(Via Ptak Science Books)
“To his last published work: Cours de peinture par principes avec un balance de peintres (1708) de Piles appended a list of fifty-six major painters in his own
time, with whose work he had acquainted himself as a connoisseur during
To each painter in the list he gave marks from 0 to 18 for
composition, drawing, color and expression. This gave an overview of
aesthetic appreciation hingeing on the balance between color and design.
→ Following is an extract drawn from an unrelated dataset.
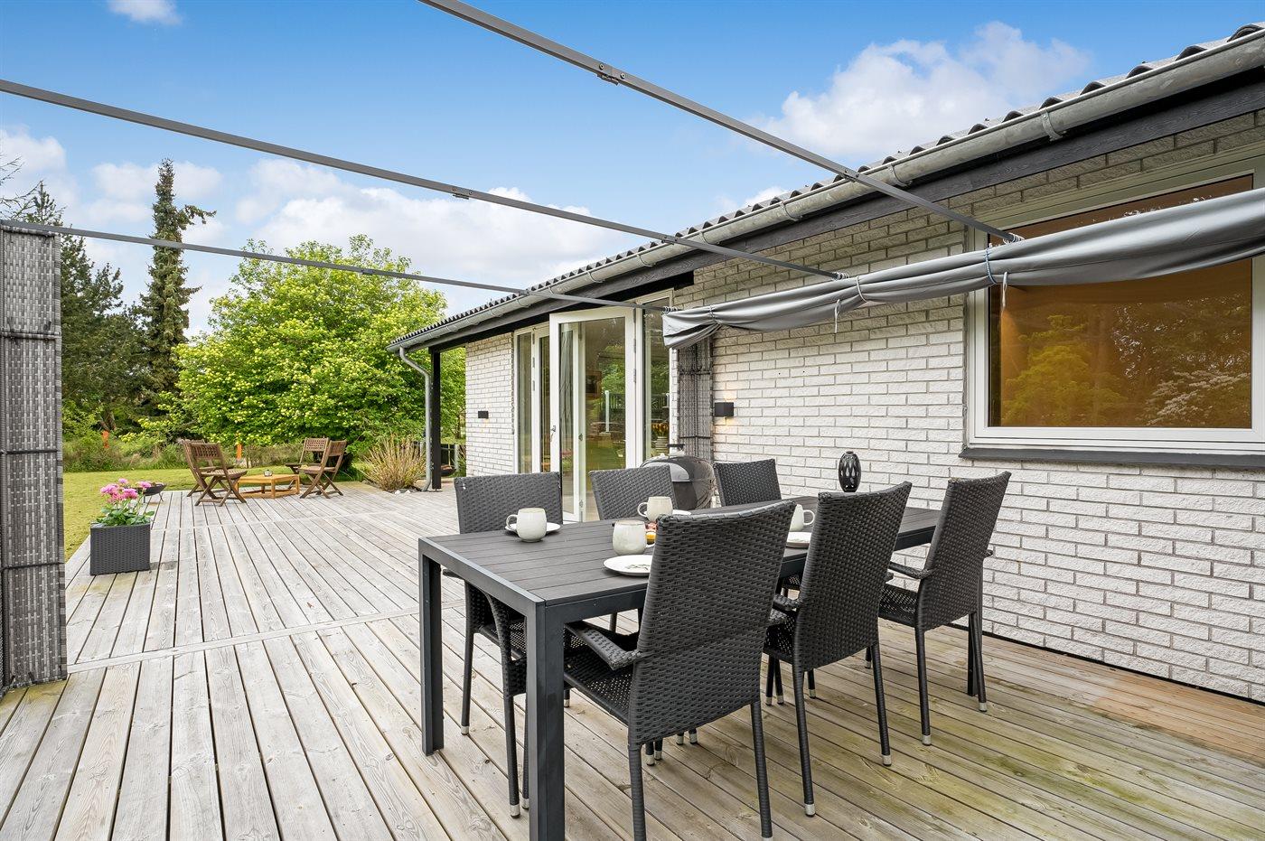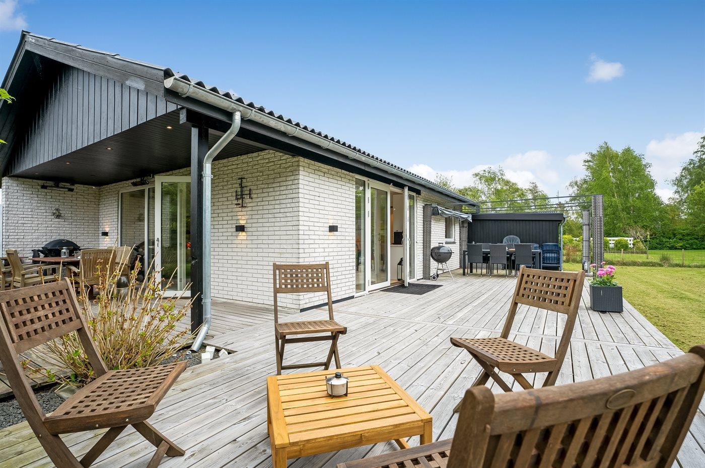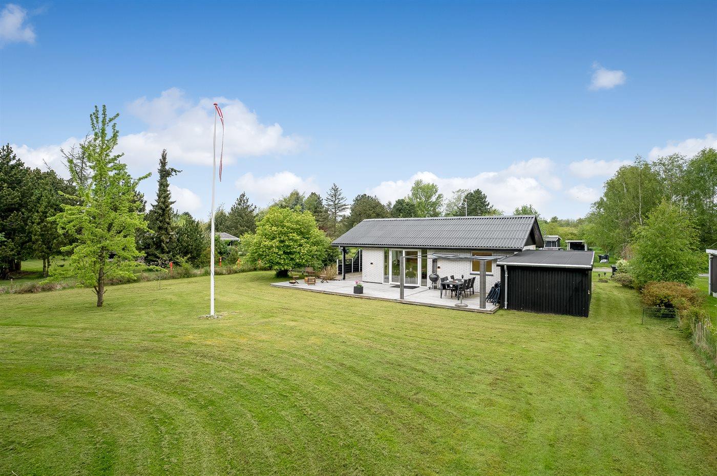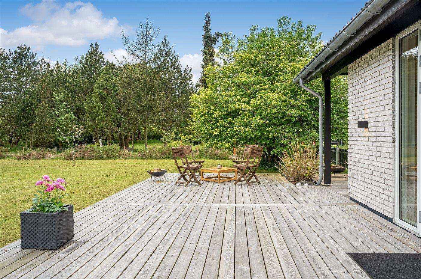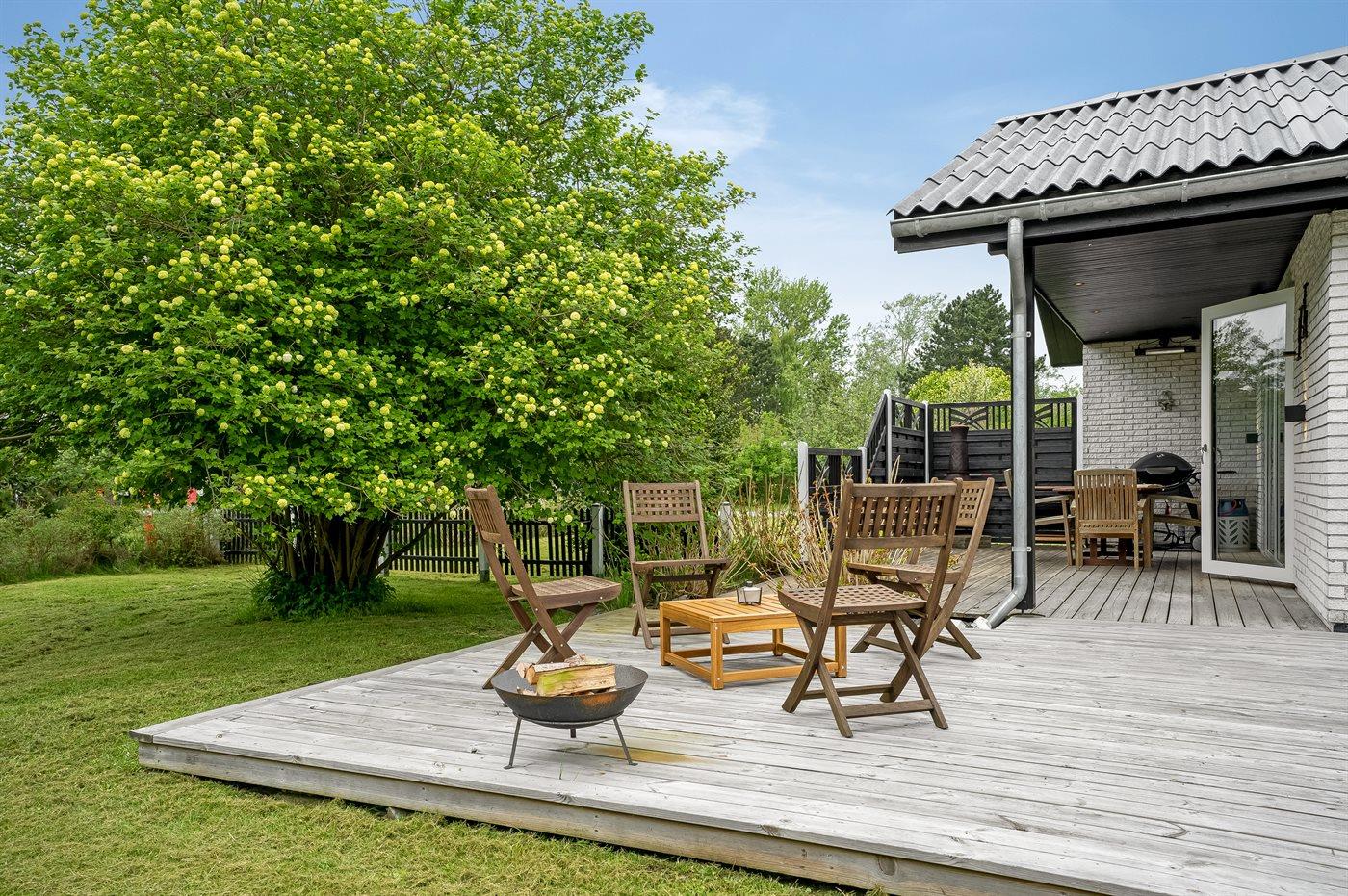 I haven er der lagt op til hygge! På den store terrasse kan I ugenert nyde solen og alle dagens måltider. Lad børnene lege i haven, mens I griller maden færdig på terrassen. Gå til den dejlige strand, som er en fryd på alle tider af året.
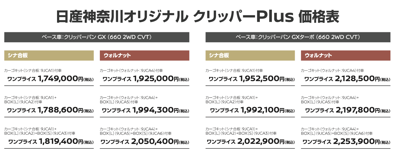 「クリッパーPlus内装キットのみ」の販売も可能でございます。

The highest marks went to Raffaello Sanzio and Rubens,
with a slight bias on color for Rubens, a slight bias on drawing for
Raphaël. Painters who scored very badly in anything but color were Giovanni Bellini, Giorgione and remarkably Michelangelo Caravaggio
with 16 on color and 0 (zero) on expression. Painters who fell far
behind Rubens and Raphaël but whose balance between color and design was
perfect were Lucas van Leyden, Sebastian Bourdon, Albrecht Dürer.”
The Wikipedia page reproduces this list as a table from which the values can be easily extracted. Like this:
Andrea del Sarto,12,16,9,8
Charles Le Brun,16,16,8,16
Daniele da Volterra,12,15,5,8
Abraham van Diepenbeeck,11,10,14,6
Giovanni da Udine,10,8,16,3
Leonardo da Vinci,15,16,4,14
Lucas van Leyden,8,6,6,4
Palma il Vecchio,5,6,16,0
Palma il Giovane,12,9,14,6
Perin del Vaga,15,16,7,6
Sebastiano del Piombo,8,13,16,7
Eustache Le Sueur,15,15,4,15
Or you can get a scan of the original text from Google Books here. The table of scores starts on page 408 of the PDF version.
This kind of mock-objective scoring of artworks using whatever system is fun but even at the time was open to ridicule. By Hogarth, for example.
What might be more interesting would be if lots of people scored artworks or artists similarly.